One final note: don’t forget to add the historical data first, because if you set population and year first, those will become the values of the existing record and then the new values would be entered into historical_data. Order matters here.

Using the output of SELECT inside INSERT to duplicate data

Here’s a small tip: because INSERT can take an array of records, and SELECT returns an array of records, we can combine the two!

Imagine that we have some schemafull building records that we’d like to experiment with but don’t want to touch its schema or make any changes to the existing data. In this case, we can use INSERT INTO to copy the entire content into a different table name and then work with that data.

INSERT INTO building_schemaless (SELECT * FROM building);

This will create a table called building_schemaless with all the data from building, but no schema. This INSERT INTO <table_name> (SELECT * FROM existing_table_name) pattern is an easy way to experiment with your existing data without making any changes to it.
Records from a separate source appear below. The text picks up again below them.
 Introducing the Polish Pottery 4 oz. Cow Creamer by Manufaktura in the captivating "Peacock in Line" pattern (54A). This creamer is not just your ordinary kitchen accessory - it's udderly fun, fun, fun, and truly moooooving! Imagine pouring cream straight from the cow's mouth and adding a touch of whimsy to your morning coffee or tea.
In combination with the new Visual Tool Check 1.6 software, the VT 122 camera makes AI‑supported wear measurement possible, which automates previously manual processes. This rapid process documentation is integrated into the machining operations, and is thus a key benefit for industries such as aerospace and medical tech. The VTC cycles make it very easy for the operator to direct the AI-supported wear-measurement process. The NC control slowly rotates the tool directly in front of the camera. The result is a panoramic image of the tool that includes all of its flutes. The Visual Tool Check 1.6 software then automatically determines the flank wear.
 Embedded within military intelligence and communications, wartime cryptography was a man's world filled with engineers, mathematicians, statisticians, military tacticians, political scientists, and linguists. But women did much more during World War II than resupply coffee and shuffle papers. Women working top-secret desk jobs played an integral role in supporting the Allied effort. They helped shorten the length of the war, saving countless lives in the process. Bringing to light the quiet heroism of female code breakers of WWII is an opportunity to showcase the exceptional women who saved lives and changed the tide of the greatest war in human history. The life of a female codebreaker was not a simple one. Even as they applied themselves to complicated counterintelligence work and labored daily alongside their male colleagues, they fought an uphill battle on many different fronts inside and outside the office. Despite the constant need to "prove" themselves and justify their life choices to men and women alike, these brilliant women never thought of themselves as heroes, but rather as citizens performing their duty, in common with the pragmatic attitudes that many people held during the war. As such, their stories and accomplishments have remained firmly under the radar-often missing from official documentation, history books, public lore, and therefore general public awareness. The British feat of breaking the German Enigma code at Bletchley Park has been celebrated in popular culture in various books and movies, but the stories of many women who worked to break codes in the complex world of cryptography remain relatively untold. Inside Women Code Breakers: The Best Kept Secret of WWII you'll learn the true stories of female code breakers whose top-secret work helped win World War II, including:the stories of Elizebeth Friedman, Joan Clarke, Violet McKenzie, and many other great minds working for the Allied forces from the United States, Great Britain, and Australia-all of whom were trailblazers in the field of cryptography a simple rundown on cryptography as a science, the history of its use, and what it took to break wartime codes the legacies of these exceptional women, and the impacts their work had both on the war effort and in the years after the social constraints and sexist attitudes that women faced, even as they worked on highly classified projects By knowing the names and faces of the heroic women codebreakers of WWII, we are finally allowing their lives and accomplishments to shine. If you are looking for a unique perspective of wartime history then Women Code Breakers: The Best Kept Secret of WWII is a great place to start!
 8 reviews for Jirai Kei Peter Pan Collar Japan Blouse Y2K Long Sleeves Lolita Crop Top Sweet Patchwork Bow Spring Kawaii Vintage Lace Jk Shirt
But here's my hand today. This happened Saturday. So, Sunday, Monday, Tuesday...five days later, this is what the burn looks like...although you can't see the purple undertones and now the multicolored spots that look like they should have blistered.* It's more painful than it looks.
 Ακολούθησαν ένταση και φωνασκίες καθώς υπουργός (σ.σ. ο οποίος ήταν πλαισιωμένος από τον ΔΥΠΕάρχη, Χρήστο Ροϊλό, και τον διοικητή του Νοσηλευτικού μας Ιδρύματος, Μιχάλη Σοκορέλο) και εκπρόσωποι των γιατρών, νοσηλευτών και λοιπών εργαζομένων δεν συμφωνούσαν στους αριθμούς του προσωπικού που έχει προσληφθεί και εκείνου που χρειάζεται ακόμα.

And for tables with a lot of data, you can use LIMIT to only bring in a certain number of records. The query below will select only the first 100:

INSERT INTO building_schemaless (SELECT * FROM building LIMIT 100);

With these quick tips out of the way, it’s time to turn to another mental challenge: understanding relations in which who is in and who is out aren’t clear.

Bidirectional querying when a relationship is equal

We haven’t created the person records for the three knights yet, so let’s get around to that. They can all be created inside a single INSERT statement.

INSERT INTO person [ { id: "bear_knight", name: "Bear knight", money: 100000, properties: [building:bear_castle ] }, { id: "eagle_knight", name: "Eagle knight", money: 200000, properties: [building:eagle_castle] }, { id: "fish_knight", name: "Fish knight", money: 500000, properties: [building:fish_castle] }, ];
Response
[ { id: person:bear_knight, money: 100000, name: 'Bear knight', properties: [ building:bear_castle ] }, { id: person:eagle_knight, money: 200000, name: 'Eagle knight', properties: [ building:eagle_castle ] }, { id: person:fish_knight, money: 500000, name: 'Fish knight', properties: [ building:fish_castle ] } ]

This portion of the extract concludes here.